* TASK DIRECTIONS: Below are the entries. Print only the lines starting at the one with "MCHDMI Stövlar Dam, Snöskor" and ending at the one with "省發(fā)展改革委相關(g", exactly, with no pictures.

Saved data entries
-- -- --

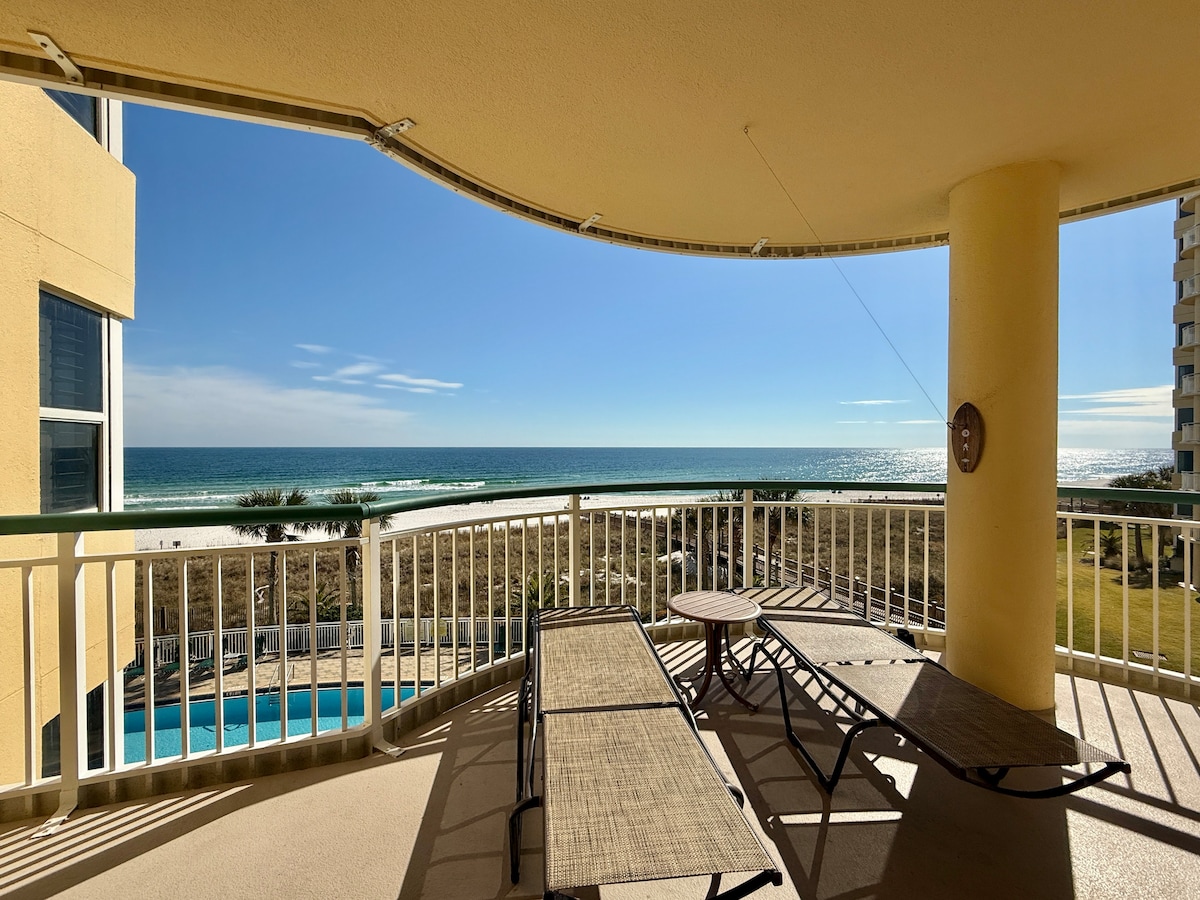 DON'T FIGHT THE CROWDS for space on the beach! Unwind in our comfortable 4th floor Beach Front "Slice of Paradise" with private beach. The balcony offers unobstructed, gorgeous views of the Gulf and the beautiful white sands of Perdido Key. Soak up the sun as you kick back on the balcony and count the dolphins while being lulled by the sound of the waves and the salt air breeze.
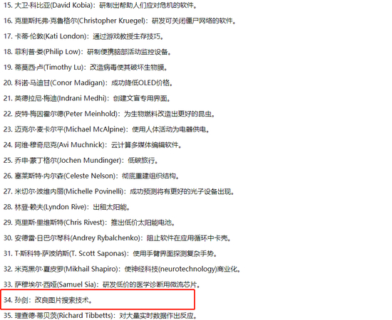 图:2010年度青年创新家榜单部分截图
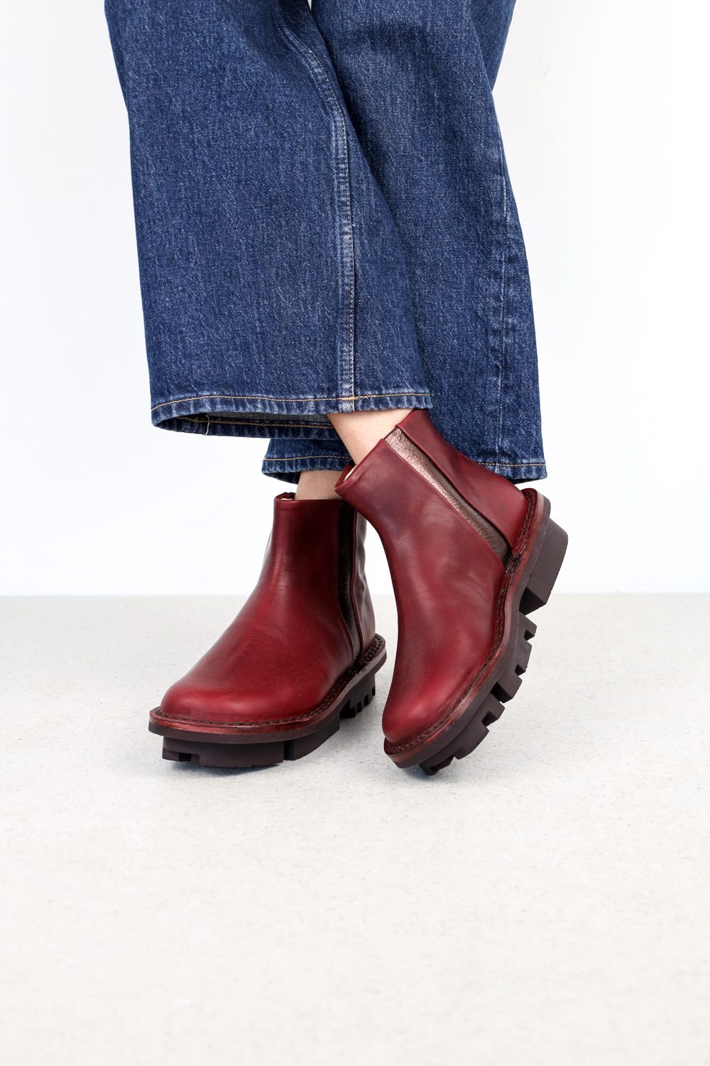 The vertical side inserts, crafted from a contrasting, shinier leather, create a subtle interplay of textures - a quiet yet elegant detail.
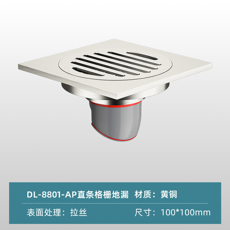 黄铜镍拉丝-大排量淋浴地漏+防虫臭芯【10*10cm】
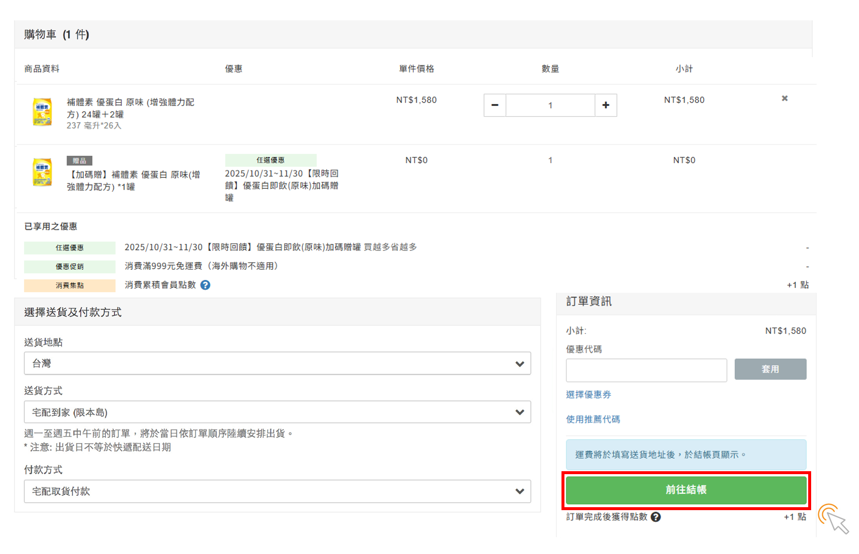 請輸入顧客與送貨資料,並勾選『我同意網站服務條款及隱私政策』。
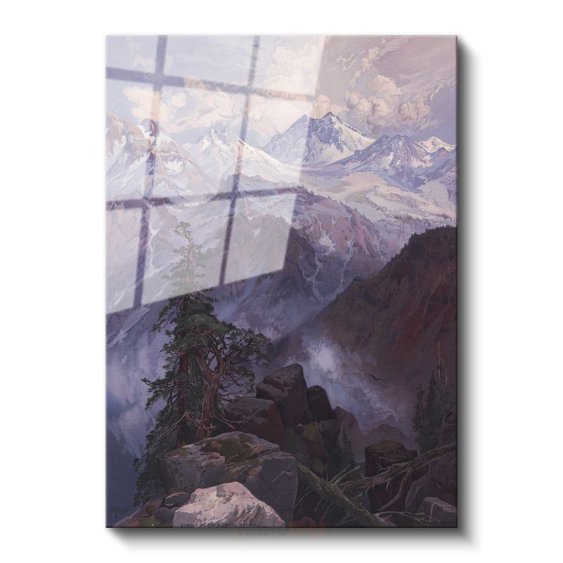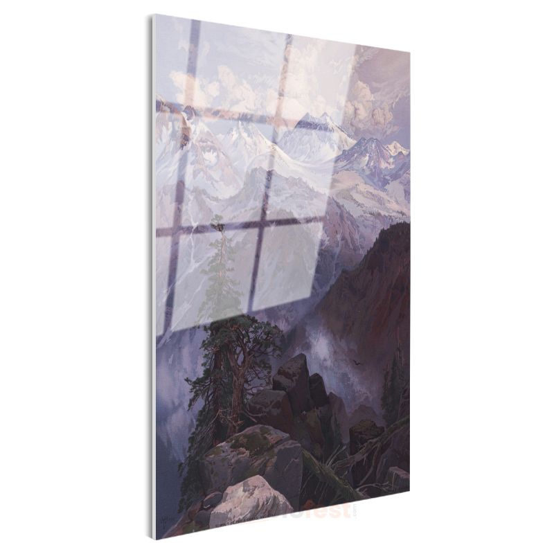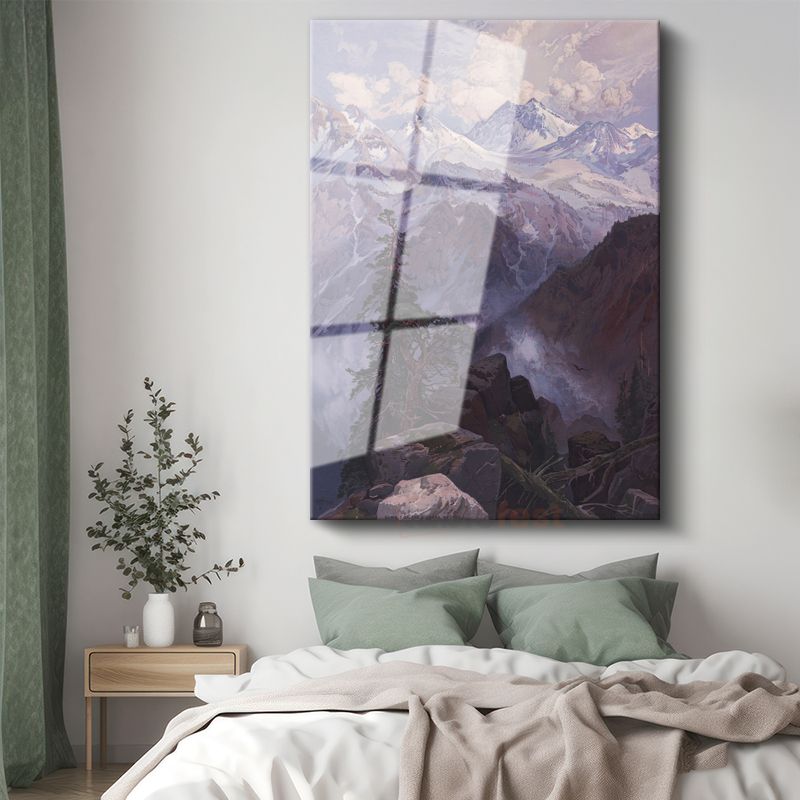 Albert Bierstadt - Karlı Dağ Manzarası Cam Tablo
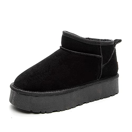 MCHDMI Stövlar Dam, Snöskor for kvinnor Modeplattform Platta skor Dam Varma Päls Vinterkängor Dam Vinter Casual Walking Skor (Color : Black, Size : 39 EU)
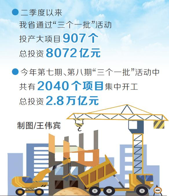 省發(fā)展改革委相關(guān)負(fù)責(zé)人介紹,二季度以來(lái),我省通過(guò)“三個(gè)一批”活動(dòng)投產(chǎn)大項(xiàng)目907個(gè),總投資8072億元,為經(jīng)濟(jì)高質(zhì)量發(fā)展提供強(qiáng)力支撐。
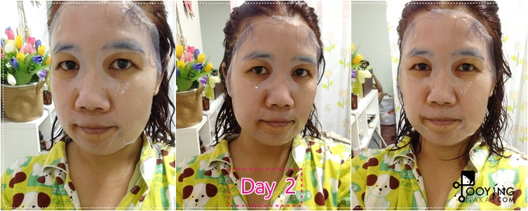 และเพราะนี่เป็นวันแรกครั้งแรกที่ลอง หลังจาก 20 นาที เอามาส์กออก ความชุ่มบนมาส์กยังคงเหลือนิดหน่อยค่ะ
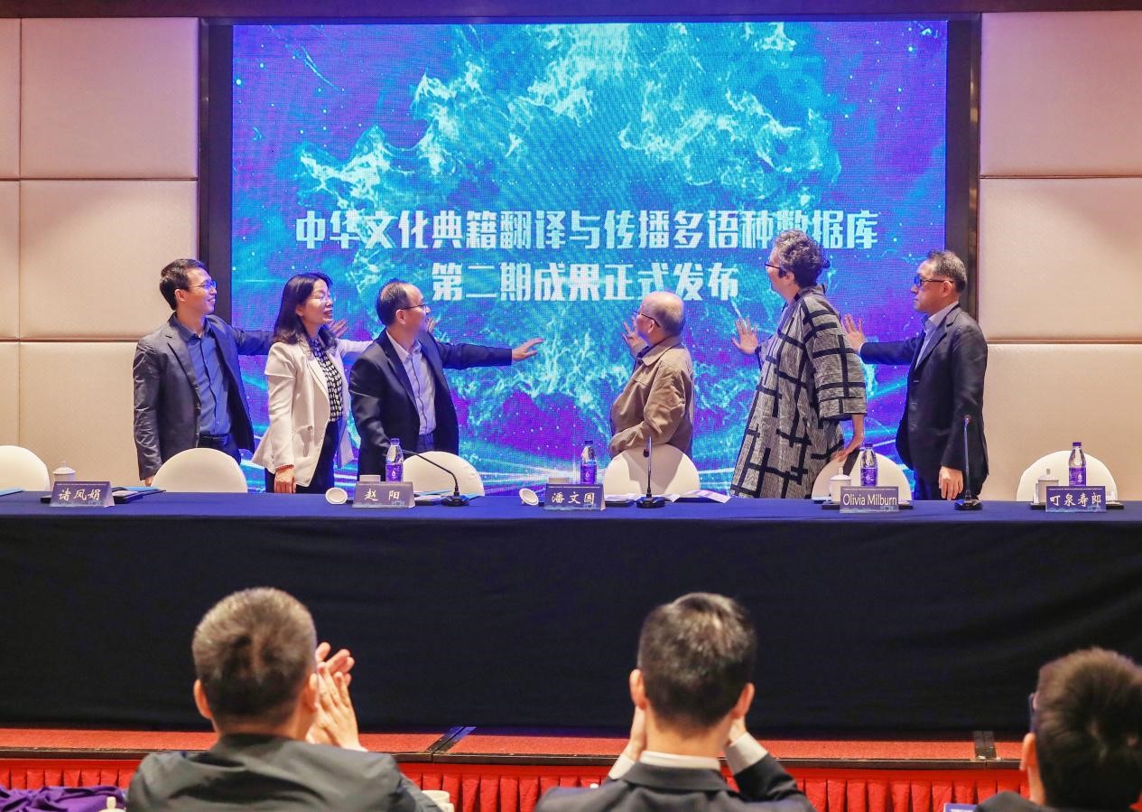 赵阳、人文社会科学处处长诸凤娟、外国语学院院长胡朋志、潘文国教授、Olivia Milburn 、町泉寿郎共同启动“中华文化典籍翻译与传播多语种数据库”第二期建设成果发布。
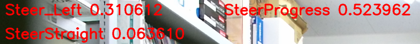 RGB画像の上方に、認識されたジェスチャが表示されます。 discrete ジェスチャは信頼度と共に左上に、continuous ジェスチャは進捗度と共にその右に表示されます。
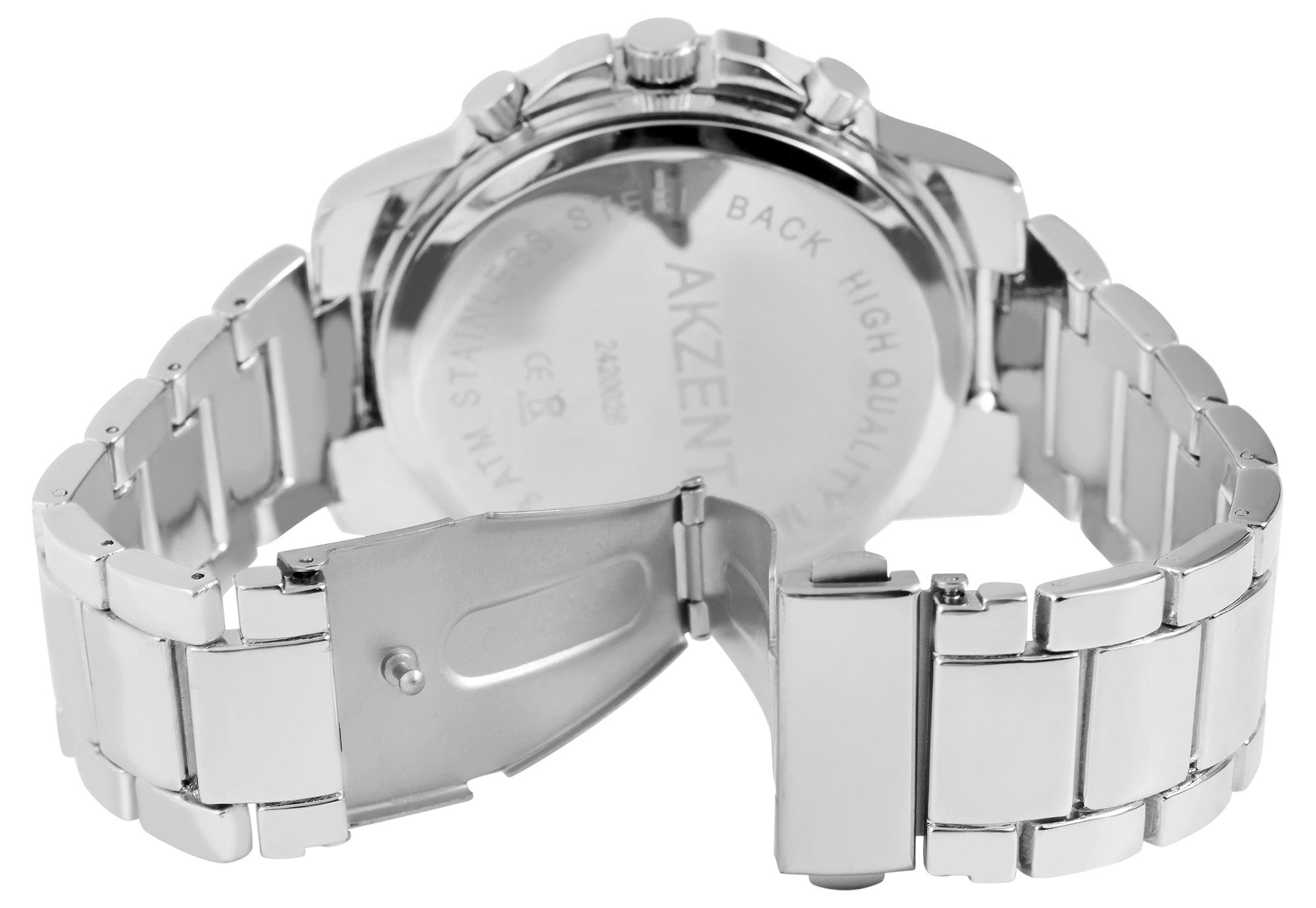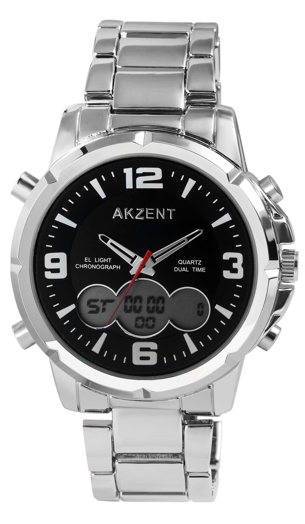 Productinformatie "Akzent Analog/Digital Herrenuhr mit Edelstahlarmband, silberfarben/schwarz"

-- -- --

* TASK ANSWER:
 MCHDMI Stövlar Dam, Snöskor for kvinnor Modeplattform Platta skor Dam Varma Päls Vinterkängor Dam Vinter Casual Walking Skor (Color : Black, Size : 39 EU)
 省發(fā)展改革委相關(guān)負(fù)責(zé)人介紹,二季度以來(lái),我省通過(guò)“三個(gè)一批”活動(dòng)投產(chǎn)大項(xiàng)目907個(gè),總投資8072億元,為經(jīng)濟(jì)高質(zhì)量發(fā)展提供強(qiáng)力支撐。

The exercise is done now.